┌──
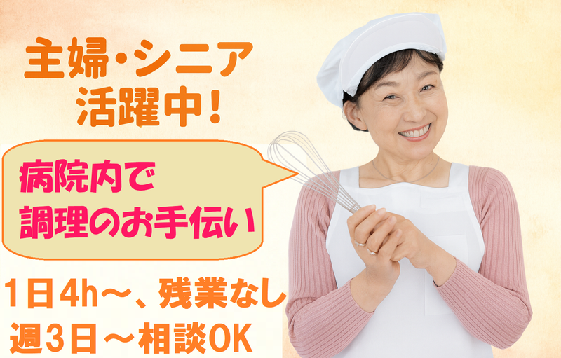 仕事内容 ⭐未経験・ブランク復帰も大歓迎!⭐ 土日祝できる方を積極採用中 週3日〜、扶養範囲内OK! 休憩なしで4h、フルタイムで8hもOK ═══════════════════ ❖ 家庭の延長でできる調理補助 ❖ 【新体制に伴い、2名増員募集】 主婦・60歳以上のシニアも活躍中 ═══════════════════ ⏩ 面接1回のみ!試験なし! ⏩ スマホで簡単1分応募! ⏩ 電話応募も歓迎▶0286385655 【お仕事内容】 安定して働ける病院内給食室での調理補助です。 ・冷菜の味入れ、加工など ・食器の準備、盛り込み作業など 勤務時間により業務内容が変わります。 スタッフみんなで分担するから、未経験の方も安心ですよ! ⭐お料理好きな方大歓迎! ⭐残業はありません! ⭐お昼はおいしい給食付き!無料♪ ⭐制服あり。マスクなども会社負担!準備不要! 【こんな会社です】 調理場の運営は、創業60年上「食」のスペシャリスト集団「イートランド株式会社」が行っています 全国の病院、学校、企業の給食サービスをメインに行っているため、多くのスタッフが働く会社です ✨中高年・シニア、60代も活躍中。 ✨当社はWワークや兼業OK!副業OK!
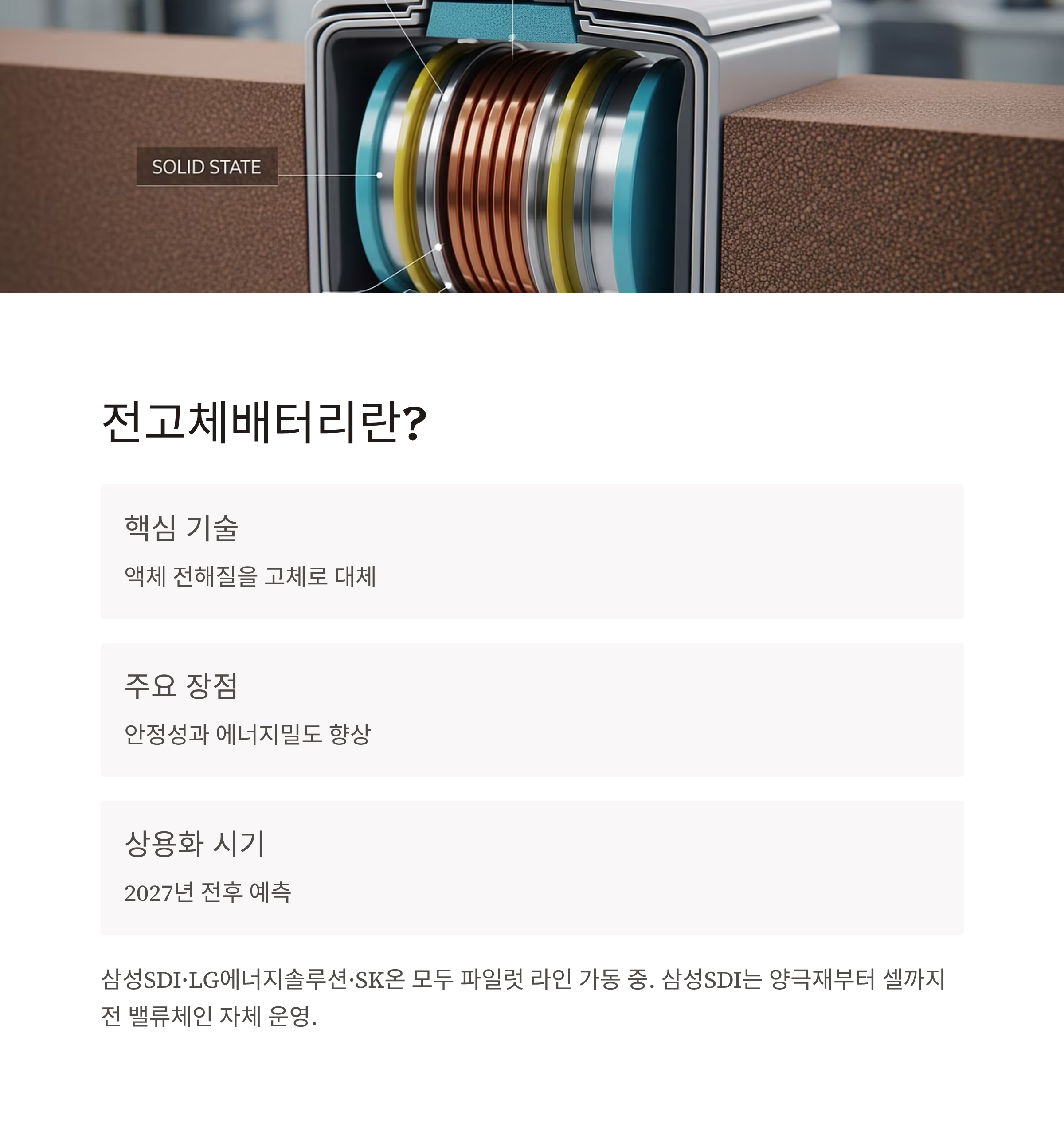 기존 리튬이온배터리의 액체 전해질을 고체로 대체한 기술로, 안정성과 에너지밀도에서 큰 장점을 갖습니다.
└──
┌──
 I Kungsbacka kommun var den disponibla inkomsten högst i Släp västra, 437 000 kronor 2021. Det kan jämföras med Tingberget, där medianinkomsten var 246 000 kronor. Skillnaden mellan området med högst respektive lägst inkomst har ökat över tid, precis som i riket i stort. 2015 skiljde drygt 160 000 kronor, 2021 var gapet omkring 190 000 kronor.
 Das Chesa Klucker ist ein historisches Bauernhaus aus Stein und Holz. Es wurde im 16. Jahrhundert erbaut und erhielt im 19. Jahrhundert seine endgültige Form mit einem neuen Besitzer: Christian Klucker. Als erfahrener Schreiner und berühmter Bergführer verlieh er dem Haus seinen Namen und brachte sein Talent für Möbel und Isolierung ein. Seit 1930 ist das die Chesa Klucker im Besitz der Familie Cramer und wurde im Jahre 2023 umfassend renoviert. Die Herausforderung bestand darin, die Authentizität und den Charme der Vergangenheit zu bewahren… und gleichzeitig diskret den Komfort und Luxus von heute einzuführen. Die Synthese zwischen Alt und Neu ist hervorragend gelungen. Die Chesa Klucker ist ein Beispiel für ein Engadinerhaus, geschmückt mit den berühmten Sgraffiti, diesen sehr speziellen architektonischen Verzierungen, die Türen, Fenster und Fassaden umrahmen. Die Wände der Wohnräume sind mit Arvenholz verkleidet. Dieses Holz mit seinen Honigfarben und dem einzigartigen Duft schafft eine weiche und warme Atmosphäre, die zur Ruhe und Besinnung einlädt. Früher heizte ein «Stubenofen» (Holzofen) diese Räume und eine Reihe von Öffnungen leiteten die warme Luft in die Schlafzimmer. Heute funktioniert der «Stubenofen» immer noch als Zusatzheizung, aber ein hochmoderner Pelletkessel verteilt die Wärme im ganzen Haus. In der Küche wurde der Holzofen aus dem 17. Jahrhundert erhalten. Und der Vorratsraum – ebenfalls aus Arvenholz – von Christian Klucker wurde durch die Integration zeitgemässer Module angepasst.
└──
» How to complete this task:
Each line from the one that contains "仕事内容 ⭐未経験・ブランク復帰も大歓迎!⭐ 土日祝できる方を積極採用中" down to the one that contains "기존 리튬이온배터리의 액체" is to be returned exactly as it stands above, both ends included, with pictures removed.

» Response area:
 仕事内容 ⭐未経験・ブランク復帰も大歓迎!⭐ 土日祝できる方を積極採用中 週3日〜、扶養範囲内OK! 休憩なしで4h、フルタイムで8hもOK ═══════════════════ ❖ 家庭の延長でできる調理補助 ❖ 【新体制に伴い、2名増員募集】 主婦・60歳以上のシニアも活躍中 ═══════════════════ ⏩ 面接1回のみ!試験なし! ⏩ スマホで簡単1分応募! ⏩ 電話応募も歓迎▶0286385655 【お仕事内容】 安定して働ける病院内給食室での調理補助です。 ・冷菜の味入れ、加工など ・食器の準備、盛り込み作業など 勤務時間により業務内容が変わります。 スタッフみんなで分担するから、未経験の方も安心ですよ! ⭐お料理好きな方大歓迎! ⭐残業はありません! ⭐お昼はおいしい給食付き!無料♪ ⭐制服あり。マスクなども会社負担!準備不要! 【こんな会社です】 調理場の運営は、創業60年上「食」のスペシャリスト集団「イートランド株式会社」が行っています 全国の病院、学校、企業の給食サービスをメインに行っているため、多くのスタッフが働く会社です ✨中高年・シニア、60代も活躍中。 ✨当社はWワークや兼業OK!副業OK!
 기존 리튬이온배터리의 액체 전해질을 고체로 대체한 기술로, 안정성과 에너지밀도에서 큰 장점을 갖습니다.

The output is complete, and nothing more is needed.